I’ve seen this day in and day out from my family members, my friends, strangers on Instagram. Y’all want everyone to validate your discrimination (you especially want Black women to validate you), but no. It isn’t time for that right now, and Black people are not your audience. I will listen to you, I will talk about mental health with you and how important is. Hear me: If you need to discuss a situation that you felt discriminated against based on (insert reasons for white people to be discriminated against), a situations or time that has stayed with you for years and years and you are still trying to work through it, I WILL listen and try to help. But just so we are clear I will NEVER listen, or take a situation seriously, if you try to sneak it on the backs of the BIPOC community, or the Black Lives Matter Movement. Stop. It’s gross, and yes, your BIPOC friends are judging you for it. They are just trying to be polite and let you have your “Karen” moment because they love and respect you, and they know you are a little racist, but it’s not okay.
Now I get it. Right now, if you’re still with me, you think I am attacking you. Matter fact, you might actually be formulating a text to me, or a message, or a vague FB status about how “someone” has “attacked” you today. That is good. In fact, this’s part of the process. Feeling “attacked” by truth is how you know it’s working. It’s like when you put Neosporin on a cut and it burns. The burning means it’s working!

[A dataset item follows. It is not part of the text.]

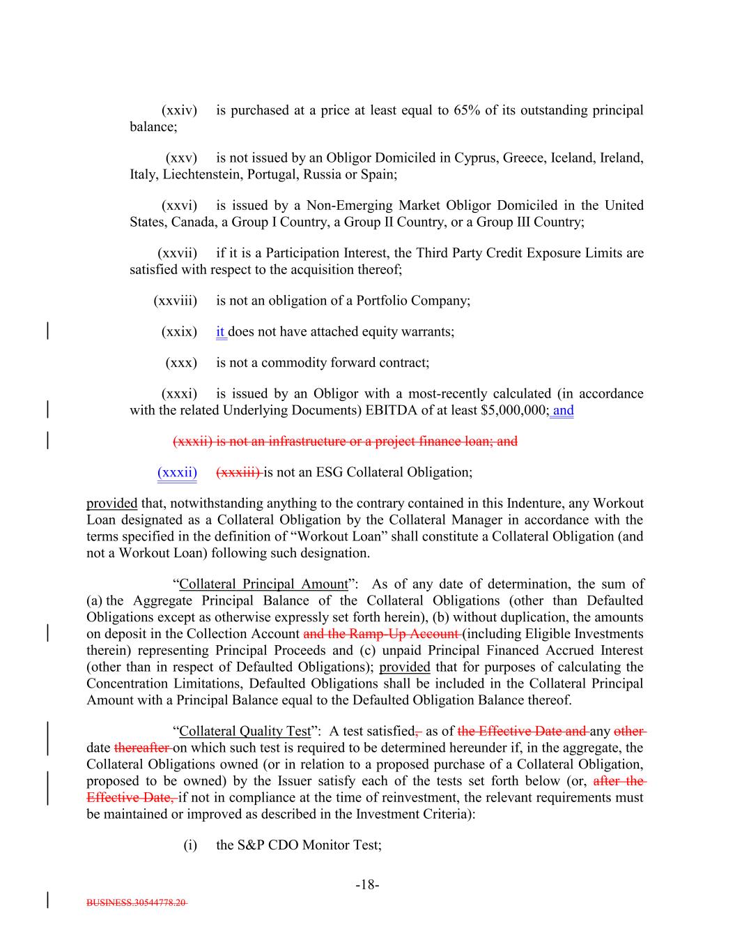 BUSINESS.30544778.20 -18- (xxiv) is purchased at a price at least equal to 65% of its outstanding principal balance; (xxv) is not issued by an Obligor Domiciled in Cyprus, Greece, Iceland, Ireland, Italy, Liechtenstein, Portugal, Russia or Spain; (xxvi) is issued by a Non-Emerging Market Obligor Domiciled in the United States, Canada, a Group I Country, a Group II Country, or a Group III Country; (xxvii) if it is a Participation Interest, the Third Party Credit Exposure Limits are satisfied with respect to the acquisition thereof; (xxviii) is not an obligation of a Portfolio Company; (xxix) it does not have attached equity warrants; (xxx) is not a commodity forward contract; (xxxi) is issued by an Obligor with a most-recently calculated (in accordance with the related Underlying Documents) EBITDA of at least $5,000,000; and (xxxii) is not an infrastructure or a project finance loan; and (xxxii) (xxxiii) is not an ESG Collateral Obligation; provided that, notwithstanding anything to the contrary contained in this Indenture, any Workout Loan designated as a Collateral Obligation by the Collateral Manager in accordance with the terms specified in the definition of “Workout Loan” shall constitute a Collateral Obligation (and not a Workout Loan) following such designation. “Collateral Principal Amount”: As of any date of determination, the sum of (a) the Aggregate Principal Balance of the Collateral Obligations (other than Defaulted Obligations except as otherwise expressly set forth herein), (b) without duplication, the amounts on deposit in the Collection Account and the Ramp-Up Account (including Eligible Investments therein) representing Principal Proceeds and (c) unpaid Principal Financed Accrued Interest (other than in respect of Defaulted Obligations); provided that for purposes of calculating the Concentration Limitations, Defaulted Obligations shall be included in the Collateral Principal Amount with a Principal Balance equal to the Defaulted Obligation Balance thereof. “Collateral Quality Test”: A test satisfied, as of the Effective Date and any other date thereafter on which such test is required to be determined hereunder if, in the aggregate, the Collateral Obligations owned (or in relation to a proposed purchase of a Collateral Obligation, proposed to be owned) by the Issuer satisfy each of the tests set forth below (or, after the Effective Date, if not in compliance at the time of reinvestment, the relevant requirements must be maintained or improved as described in the Investment Criteria): (i) the S&P CDO Monitor Test;

You’re hearing what I am saying, you’re realizing that you said something at the wrong time, that was not important and did nothing to better your community, the Black community, or the social space in which you said it. You are feeling shame and guilt. Good! But it might take actual days, weeks, months, years for you to believe what I am saying is the truth. To understand. To, as the kids say, be WOKE AF. I just hope you keep thinking on it, and for the love of all that is holy, keep reading.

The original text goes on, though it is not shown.